White dot for spacing only
The Dice Project

(Inf logo) Operational Meeting Infrastructure Unit Report
27th March 2019

  1. Forum server room UPSes

    As noted in the chatroom last week, the Forum server room UPSes are now running at well over 50% on L1, and close to that on L2 and L3. If we are treating the current UPS system as 1+1 resilient, then this overload is clearly unsustainable. An email was therefore sent to all research staff on Monday, to the effect that we can not accept any new machines unless some corresponding load is turned off first.

    PLEASE DO NOT TURN ON ANY NEW MACHINES in the Forum server rooms without first consulting with us. If necessary HoC or HoS will be called on to arbitrate.

    (On the other hand if, as might have been the case when they were installed, the intention was to provide a higher load capacity then the current load is within spec. However, given the historic unreliability of these UPSes, the worry here is that should one unit develop a fault again and take itself off-line, then the other unit would see a large overload and take itself off-line too, or worse.)

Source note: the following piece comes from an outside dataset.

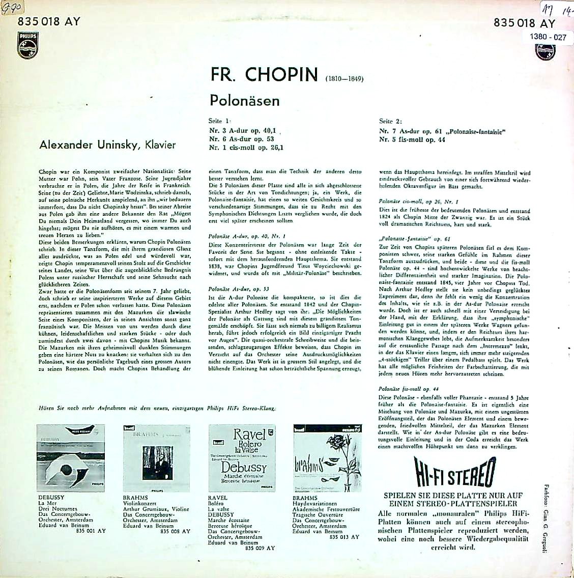 商品コード:1380-027[PHILIPS] A.ウニンスキー(pf) / ショパン:ポロネーズ1番, 3番, 5~7番

    In the medium term, the replacement UPS system that's expected to be installed before July should solve this problem. Note, however, that during the UPS replacement process, if we are unable to carry the server power load on only one of the two UPSes which constitute the current server room UPS system, we will be forced either to reduce overall server load until that does become possible or, otherwise, to run all of our servers with no UPS protection at all.

    In any event, the related problem of physical space for our server population will remain, of course.

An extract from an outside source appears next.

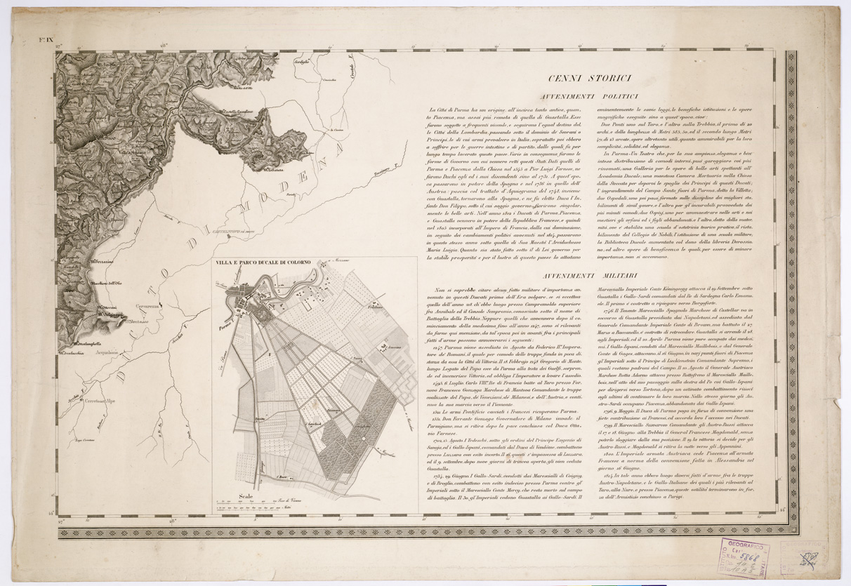 "...LEVATA DIETRO MISURE TRIGONOMETRICHE NEGLI ANNI 1821 E 1822 SOTTO IL GOVERNO DI SUA MAESTA' L'ARCIDUCHESSA MARIA LUIGIA, DISEGNATA ED INCISA IN MILANO NELL'I.G.M. DELL'I. R. STATO MAGGIORE AUSTRIACO, PUBBLICATA NELL'ANNO 1828. Carta in nove fogli incisa su rame analoga a quelle del Lombardo Veneto e del Ducato di Modena alla stessa scala (v. Lombardo-Veneto, N° 81 d'ordine, Cart. d'Arch. N.i 52 e 53, Docum. 2 e 4 e Parma Piacenza e Modena N° 10 d'ordine, Cart. d'Arch. N° 54 Docum. N.i 7 e 8). Due copie: la carta N° 5 è " rettificata col nuovo riparto territoriale nell'anno 1849". Annesso un quadro d'unione costruito nell'anno 1885 dall'I.G.M. di Firenze essendone la carta priva (Cfr. MORI A., La cartografia Ufficiale in Italia, e l'I.G.M., pag. 58). Una copia si trova alla Cart. d'Arch. N° 53 Docum. N.i 5 e 6 (file A0001071-1080)."

    Our (ongoing) inventory of self-mangaged machines is here.

  2. Wilkie

    Reminder: the date for moving out of Wilkie is fast approaching. If you still have any kit there you will have to arrange to move it all out by 5th April. Recent enhancements to the netmon index pages should make it a bit easier to see what's what. We have stopped nagios monitoring for the switches over there. Ports on "our" VLANs have been turned off.

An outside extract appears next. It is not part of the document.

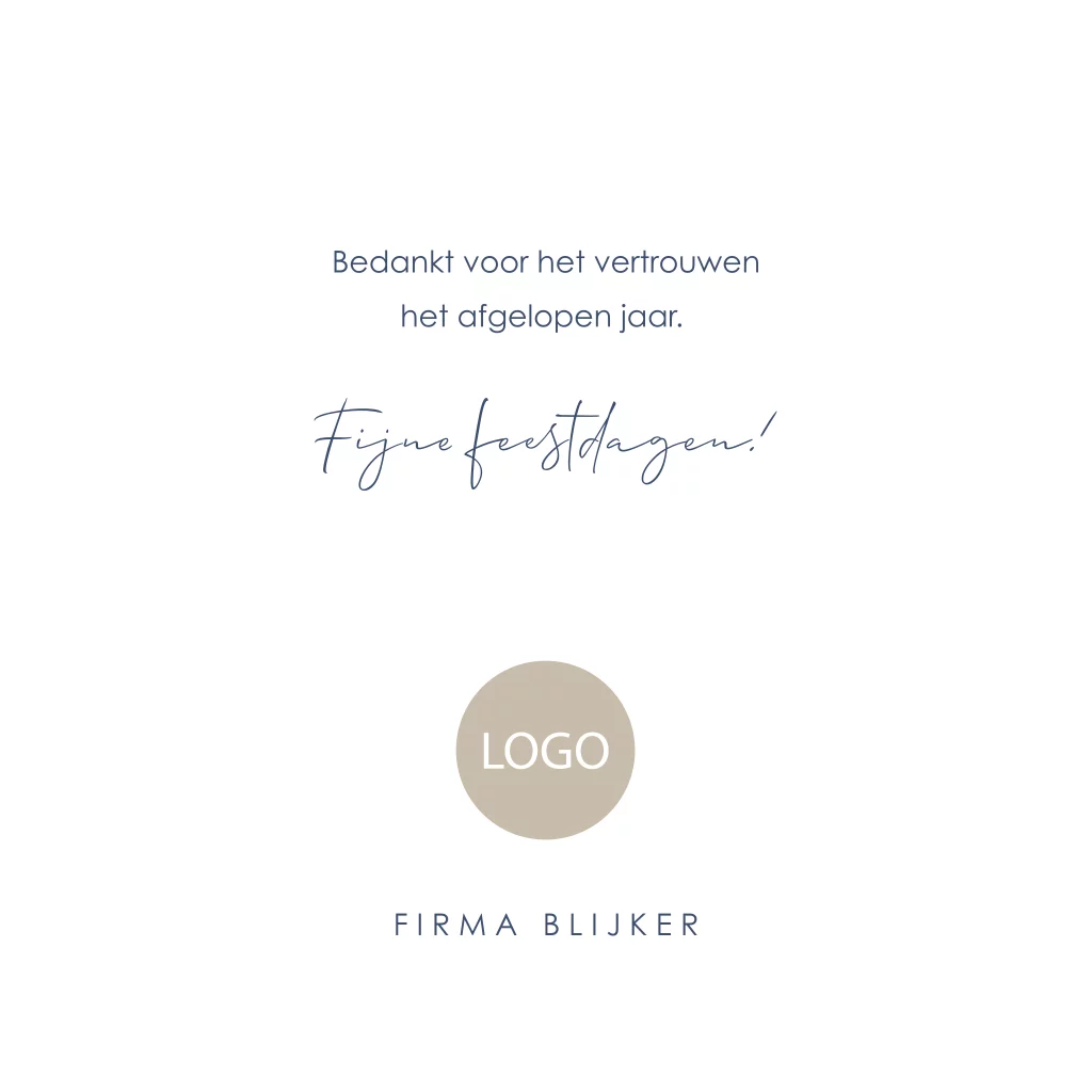 Het is mogelijk om op deze kerstkaart je eigen bedrijfslogo toe te voegen. De afbeelding van het logo dient als voorbeeld en wordt niet gedrukt. Deze kun je verwijderen of plaats hier je eigen logo overheen.

    Note that the Infrastructure Unit can provide access to the Wilkie IT closets only; we do not have keys to individual rooms.

  3. Appleton Tower datacentre work

    The UPS battery replacement and relocation work happened last Thursday, as scheduled, and seemed to go off without incident. The UPS came back on line not long after mid-day, based on the email it sent us. The nut logs on gatti, which polls it every couple of minutes or so, say that it was off-line shortly before 09:26:48 and back on-line shortly before 12:18:48.

  4. Generator tests

    Paul Hutton writes:
    "IT Infrastructure, in conjunction with Estates, is planning to carry out "Black Start" testing of the JCMB and Appleton Tower datacentres. This testing will allow us to check that the standby power systems at both datacentres are functioning as expected.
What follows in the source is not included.